Tiempo y espacio de una partitura para una poética sobre la cigarra y el bosque
Leonardo Maicán


 “Partitura de la cigarra”, extenso poema que da nombre al libro de Montejo (Pretextos, 1999) es el canto de la naturaleza misma, canto a través del cual el poeta expresa los sentimientos del hombre, sus nostalgias, sueños y ambiciones. Tomando como epicentro la vida y muerte de la cigarra (o chicharra, como también se le conoce), Montejo aborda una de las grandes frustraciones del hombre, en todas las épocas: la aparente inaprehensibilidad del tiempo.
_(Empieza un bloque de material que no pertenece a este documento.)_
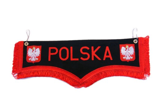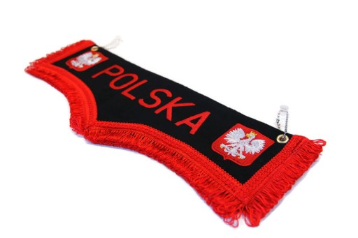 Przedmiotem sprzedaży jest haftowana zawieszka samochodowa z napisem POLSKA.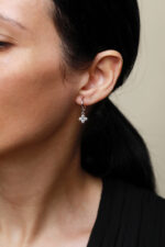 Cerceii au inaltimea de 2,2 cm si diametrul de 1 cm. Pietrele sunt Moissanite de 3.0 mm, 0.1 carate per piatra, culoare D, claritate VVS1, taietura excelenta.

Y si decimos aparente es porque sólo a través de la poesía somos capaces de romper las fronteras inefables que nos sujetan al tiempo. En  “Partitura de la cigarra”, el poeta lo logra de manera magistral: “El tiempo que intercambia la presencia y la ausencia,/ el canto verde y el silencio de ceniza,/ el tiempo con los ojos secos de la cigarra/ variando sin variar, noches  y días/ ¿Ha de borrarse todo en los caminos?”.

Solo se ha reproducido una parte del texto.